Action Alert

Fight for SNAP

The Supplemental Nutrition Assistance Program keeps food on the plates of America’s children and their families.

Fight for SNAP

On Friday, May 18, the U.S. House of Representatives rejected a sweeping $867 billion farm bill, due to an ongoing fight on immigration. The farm bill was also rejected out of opposition to the work requirements sought in the food stamps program, formally known as the Supplemental Nutrition Assistance Program (SNAP), the nation’s largest anti-hunger program.

The Farm Bill is the primary legislation authorizing the U.S. government's agriculture and nutrition assistance programs. SNAP, the largest budget item in the Farm Bill, plays a critical part in the food system. It serves as a safeguard that protects families from the consequences of poverty and hunger. It includes funding for rural development and provides subsidies to farmers, allowing smaller, family-owned farms to stay in business, as well as supports efforts to address food insecurity. Cuts to SNAP would be devastating for hungry families.

An effective farm bill feeds hungry Americans, builds healthier diets, supports family farmers and reduces farm pollution. Since 2000, farm bills have made efforts to streamline the eligibility process for SNAP and piloted programs to connect recipients with job training programs. It greatly expanded the program and increased the number of recipients. However, the 2018 Farm Bill would allow for more deep cuts and harsher work requirements proposed to SNAP which will cause millions of people to be cut off the program, thus resulting them in a cycle of poverty.

Impact on Families

The House version of the Farm Bill would cut off critical food assistance to millions, putting the short- and long-term health, education and employment outcomes for children and families at an enormous risk. More than two-thirds of the children on SNAP are school-aged, and these proposals could be harmful for them. Not only will this mean less food on the table at home, but many school aged children receive school meal eligibility through their family's SNAP participation status. The proposed bill could cause as many as 265,000 students to lose access to free meals at school.

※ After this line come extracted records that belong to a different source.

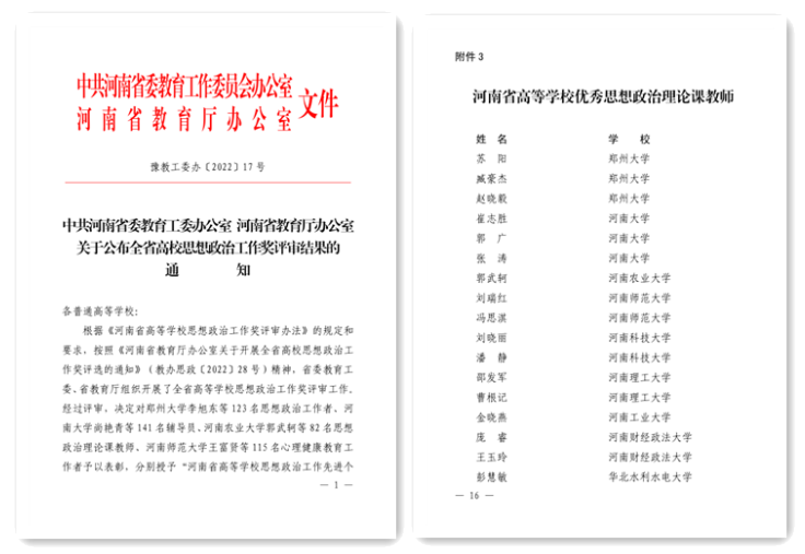 为深入贯彻落实全国全省高校思想政治工作会议、全国全省教育大会和学校思想政治理论课教师座谈会精神,河南省委教育工委、省教育厅日前组织开展了全省高等学校思想政治工作奖评审工作。经过评审,学院邵发军、曹根记两位教师喜获“2022年度河南省高等学校优秀思想政治理论课教师”荣誉称号。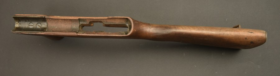 Bois de pistolet mitrailleur ERMA EMP-35. En bois, plaque de couche présente. Poignée en bois probablement postérieur. Anneau de fixation de la sangle présent. Sans marquages visibles. Crosse fendue sur le côté droit et réparée. A noter une certaine usure et oxydation de la pièce. Etat II+. Plus de photos sur AIOLFI.COM, more photos on AIOLFI.COM.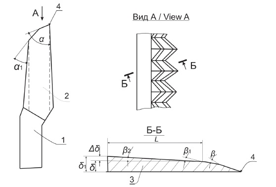 Конструкции ножа с клиновидными режущими элементами не получили широкого распространения по причинам низкого качества свекловичной стружки и сложности изготовления инструмента [19; 20].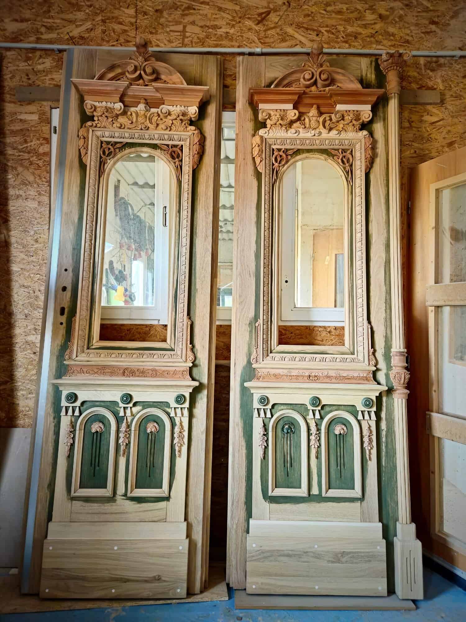 Na místě proběhlo detailní zaměření všech dveřních otvorů a sejmutí ozdobných prvků z původních dveří, které byly následně očištěny, opraveny a umístěny na nové dveře. Tak došlo k jejich úplnému zachování.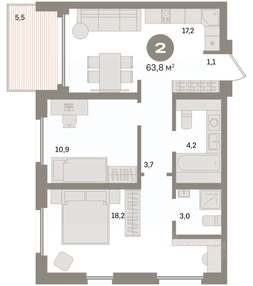 Квартира с кухней-гостиной и двумя спальнями в Южных кварталах. Особенности планировки: гардеробная, вид во двор, предчистовая отделка, мастер-спальня, балкон. квартиры в нашей базе: ЮК04-А1-9-9.18.10.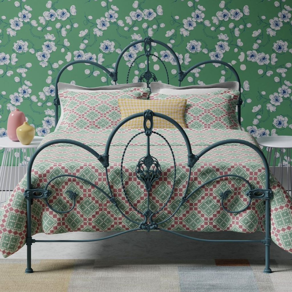 An ornate iron bed frame provides a historic feel, set against lively floral wallpaper. Patterned bedding adds country charm, blending with the room’s antique vibe. The symmetry of the bed frame complements the wallpaper’s rhythm, while a whimsical bedside table and colorful accents introduce a playful element.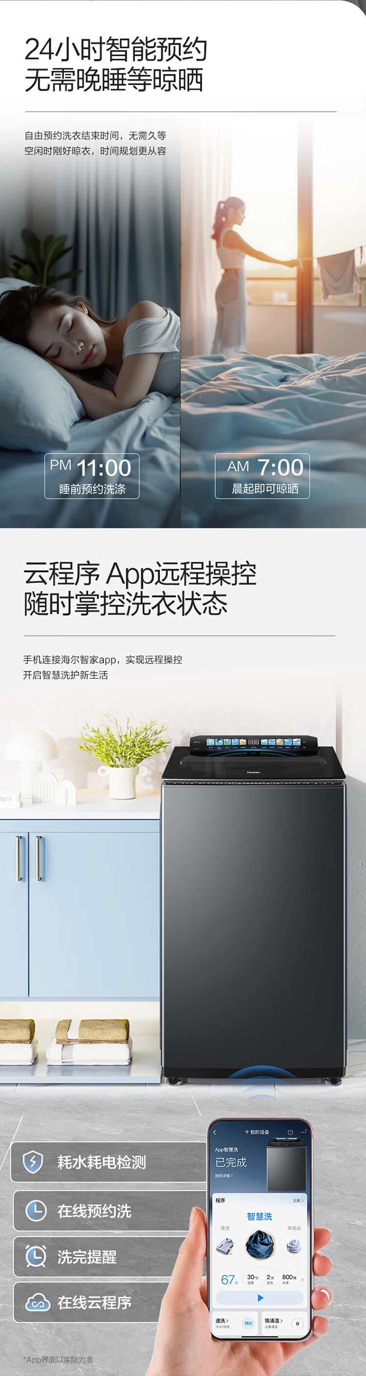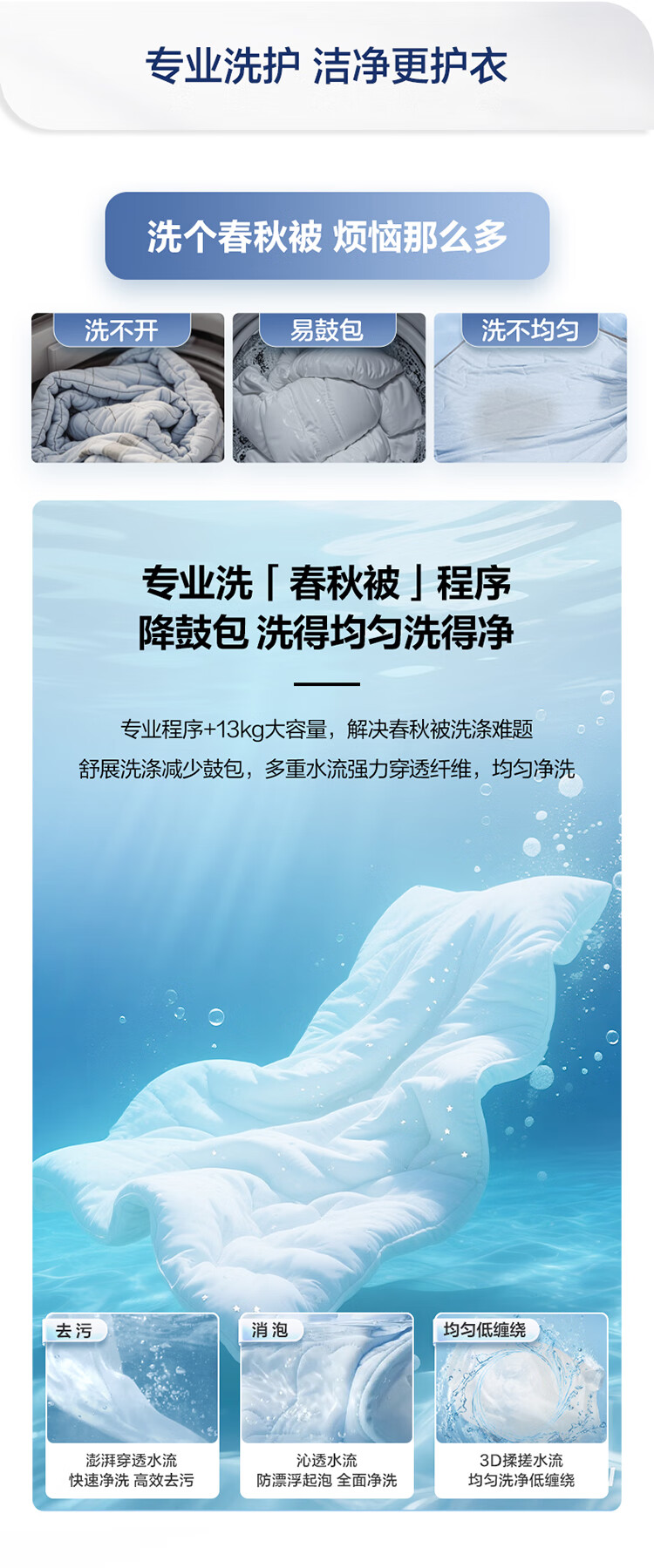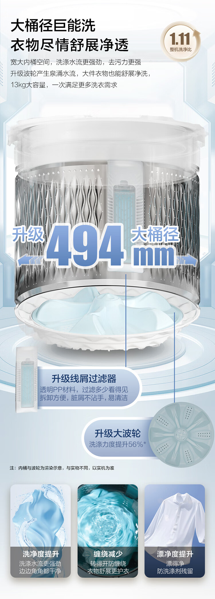 海尔(Haier)波轮洗衣机全自动13KG 25年新品丨双动力+智慧球+494大筒+智投精华洗 商场同款XQS130-MBDEV88A9U1

In 2017, the Agriculture Department estimated that there were 2.9 million unemployed, childless SNAP recipients. There are currently about 42 million Americans living below the poverty line, almost half of whom are children, who rely on SNAP to purchase food. It is expected that roughly two million would be pushed off the rolls altogether, or see reductions. According to Vox, there are some investments in the benefits, with funding for the Food Insecurity Nutrition Incentive Program, which would double SNAP benefits when buying fruits and vegetables. But those improvements largely are in comparison to the cuts low-income families would experience.

The Farm Bill draft also eliminates Supplemental Security Income (SSI) participation as a consideration for Categorical Eligibility, as well as certain types of Temporary Assistance for Needy Families (TANF). Language in the draft expands the population subject to work requirements to include caretakers of children over 6 and people between the ages of 50 to 59, establishes tighter timeframes for participants to find work or job training programs, and imposes more severe penalties for those who are unable to do so. The bill would limit the ability of states to waive these requirements, and those who violate the requirements would be cut off from benefits for an entire year, and if those who repeatedly violate the requirements, could be cut off from benefits for up to three years. These changes to SNAP would especially impact low-income people.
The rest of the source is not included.